Aujourd’hui, disons-le clairement, le problème n’est pas constitutionnel. Il est d’abord et avant tout politique et il doit trouver sa solution dans un contexte politique. La Constitution a été convoquée à tout-va pour justifier la chose et son contraire. Par conséquent, elle devient un boulet plutôt que de constituer une voie sûre et sereine pour nos espérances. Il est très difficile à mon avis de concilier les articles 7, 8 et 102. Je ne connais pas grand-chose à la Constitution ni à la politique, mais je sais vibrer avec le cœur battant de ce peuple qui veut avancer. Je sais par nécessité et par «fitra» (Prima Natura) que :
- La déclaration de Novembre 1954 doit être la plateforme qui nous unit.
- Le sigle FLN doit être restitué à tout le peuple algérien qui en est le seul et unique dépositaire devant l’histoire et devant les chouhada.
- Notre vaillante armée doit être préservée parce que sa dislocation signifie la fin de notre cohésion sociale et la fin de notre Etat-nation.
- Le peuple doit imposer ses choix sans contrainte aucune dans une Algérie nouvelle. Cela doit commencer par l’échelon local. Le maire est le premier magistrat responsable devant ses électeurs. Le mettre sous la coupe du wali, c’est faire fi de la voix du peuple.
- Tout le «système» doit partir et laisser le peuple choisir ses représentants pour la période de transition qui doit prendre le temps qu’il faut et même jusqu’à un an. Nous avons perdu vingt années.
- Il faut veiller à défendre l’Etat algérien et toutes ses institutions.
- Le mouvement dit de la «Révolution joyeuse» ne doit en aucun cas se donner ou élire des représentants. Sinon, il va vers sa mort certaine. Il doit rester vivant, impétueux et énergique. Il pourra puiser dans des mouvements corporatistes ou dans des comités de vigilance qui seront ses forces et ses appuis.
- Le moment n’est pas encore propice pour une Constituante. Si c’est le cas, plusieurs projets de société peuvent se télescoper et vont nous renvoyer vers des luttes byzantines et des combats d’arrière-garde sans aucune importance pour l’édification d’une société moderne, juste, plurielle et ouverte sur le monde.

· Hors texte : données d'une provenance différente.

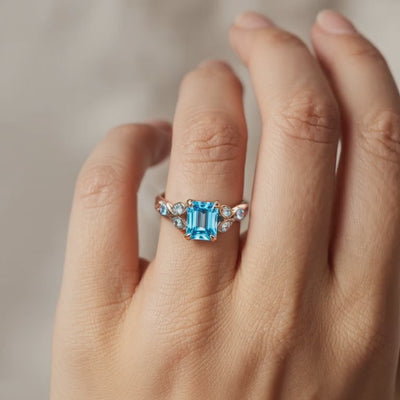 The Katalina stands as a radiant masterpiece, showcasing the beauty and brilliance of ethical high-grade blue moissanite. This exquisite vintage-inspired ring features a captivating emerald-cut center stone with its sophisticated rectangular silhouette and stepped facets, surrounded by meticulously set accent stones that enhance its Art Deco elegance.
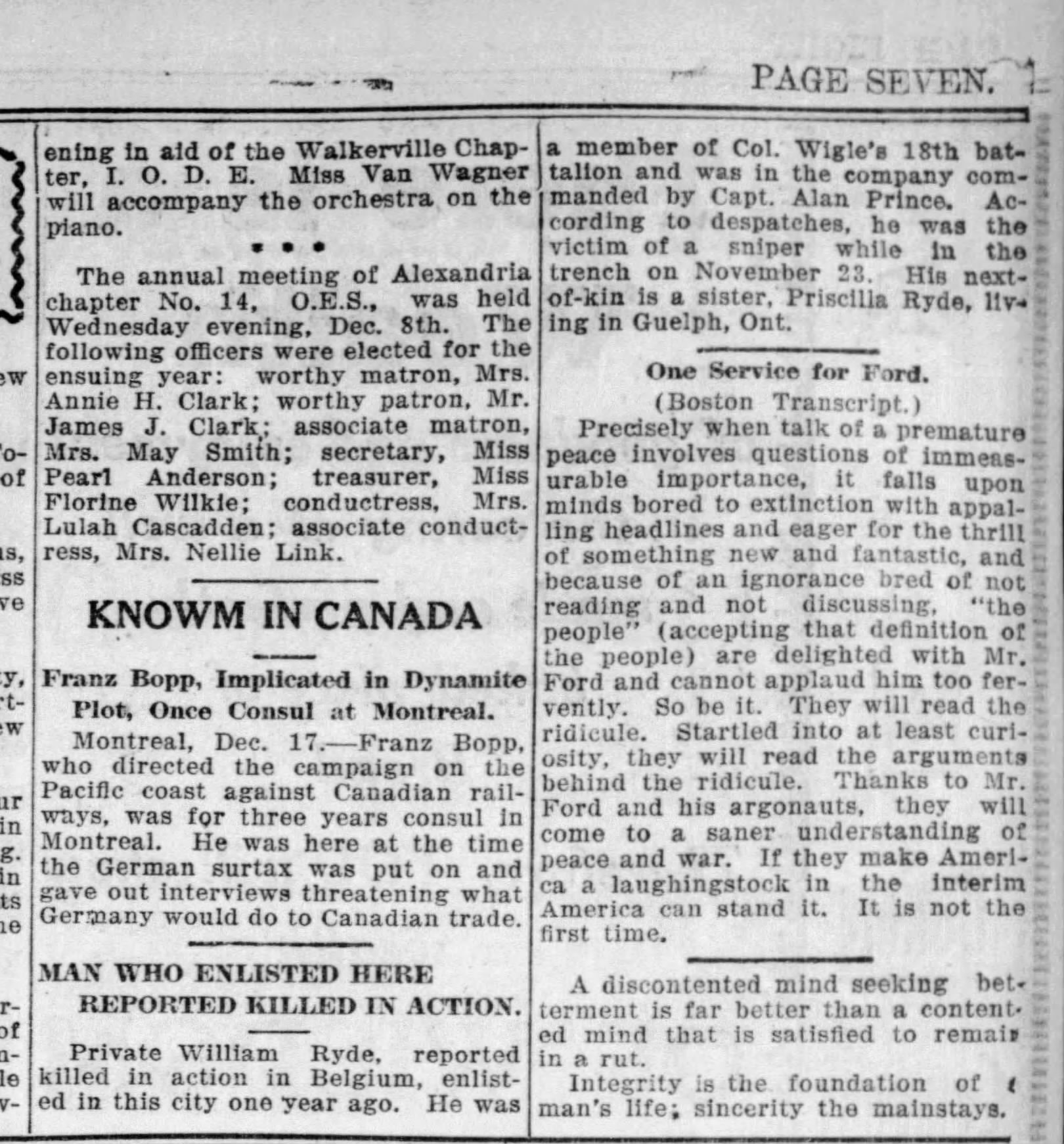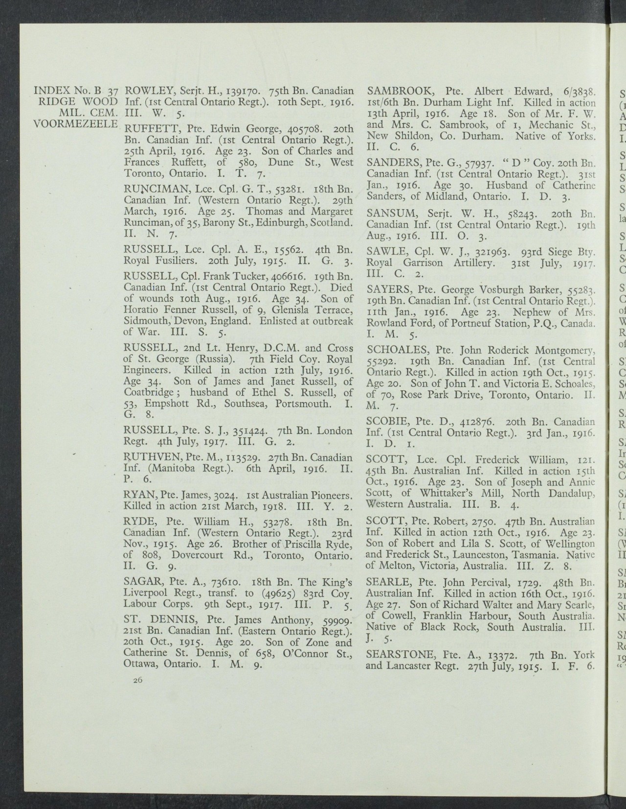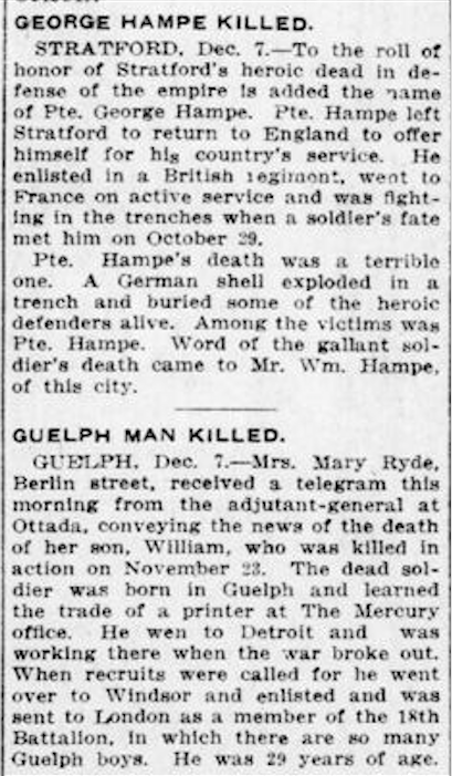 Family Search: When Private William Henry Ryde was born on 28 May 1890, in Guelph, Wellington, Ontario, Canada, his father, Urban Ryde, was 33 and his mother, Mary Fyfe, was 34. He immigrated to Detroit, Wayne, Michigan, United States in 1914. He registered for military service in 1914. In 1914, at the age of 24, his occupation is listed as printer in Detroit, Wayne, Michigan, United States. He died on 23 November 1915, in Ieper, West Flanders, Belgium, at the age of 25, and was buried in Ieper, West Flanders, Belgium.

- La justice doit être totalement indépendante de l’Exécutif et doit être dotée de moyens efficaces pour entamer un travail rigoureux, systématique et en profondeur pour juger toutes les malversations commises à l’encontre du peuple. Il est pratique et avisé d’établir un fichier national de suivi auprès du ministère de la Justice, loin de toute chasse aux sorcières, et permettre aux citoyens d’être rassurés quant à l’état d’avancement de tous les dossiers rapportés au bras de la justice.
- Notre Constitution doit être le reflet de notre fougue. De plus, elle doit être simple, claire et limpide. Tous les Algériens et Algériennes doivent y participer. Les constitutionnalistes pourront lui donner par la suite la forme finale épurée dans un texte accessible, loin de toute interprétation équivoque. Nous devons nous inspirer des différents modèles constitutionnels de par le monde. Le régime présidentiel ayant toutes les prérogatives, comme on l’a vécu jusqu’à date, est à bannir. Nous ne voulons pas être un «trois-quarts de peuple» !

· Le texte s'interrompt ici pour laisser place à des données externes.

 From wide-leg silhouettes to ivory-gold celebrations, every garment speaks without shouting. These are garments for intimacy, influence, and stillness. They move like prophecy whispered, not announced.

- Tous les élus doivent être révocables, si besoin est, pendant l’exercice de leur mandat. Aucun élu ne peut prétendre à plus que deux mandats successifs. La politique doit cesser d’être une activité professionnelle. Les politiques et les couches doivent être changés continuellement et souvent pour les mêmes raisons !

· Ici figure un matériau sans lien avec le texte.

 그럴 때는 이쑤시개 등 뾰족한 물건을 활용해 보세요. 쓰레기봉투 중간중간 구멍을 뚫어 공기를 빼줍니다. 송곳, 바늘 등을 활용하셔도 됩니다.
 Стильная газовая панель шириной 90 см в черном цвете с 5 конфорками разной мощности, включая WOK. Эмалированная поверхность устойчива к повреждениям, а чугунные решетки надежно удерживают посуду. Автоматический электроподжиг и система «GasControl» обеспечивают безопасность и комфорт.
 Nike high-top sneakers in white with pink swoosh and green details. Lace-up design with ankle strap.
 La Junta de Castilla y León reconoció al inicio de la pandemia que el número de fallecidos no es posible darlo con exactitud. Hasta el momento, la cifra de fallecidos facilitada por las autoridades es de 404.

- Enfin, la presse, l’école et les ministères budgétivores (moudjahidine…) doivent être questionnés. Nous ne pouvons régler tout d’un coup. Il faut de la patience, de la méthodologie et surtout de la volonté pour évoluer et prospérer.
Je demeure convaincu que le rêve disruptif du mouvement du 22 février 2019 est à notre portée. A nous d’en faire une dystopie ou une belle utopie.
S. H. (Montréal)
N. B. : le titre est de la rédaction
NDLR : les opinions exprimées dans cette tribune ouverte aux lecteurs visent à susciter un débat. Elles n’engagent que l’auteur et ne correspondent pas nécessairement à la ligne éditoriale d’Algeriepatriotique.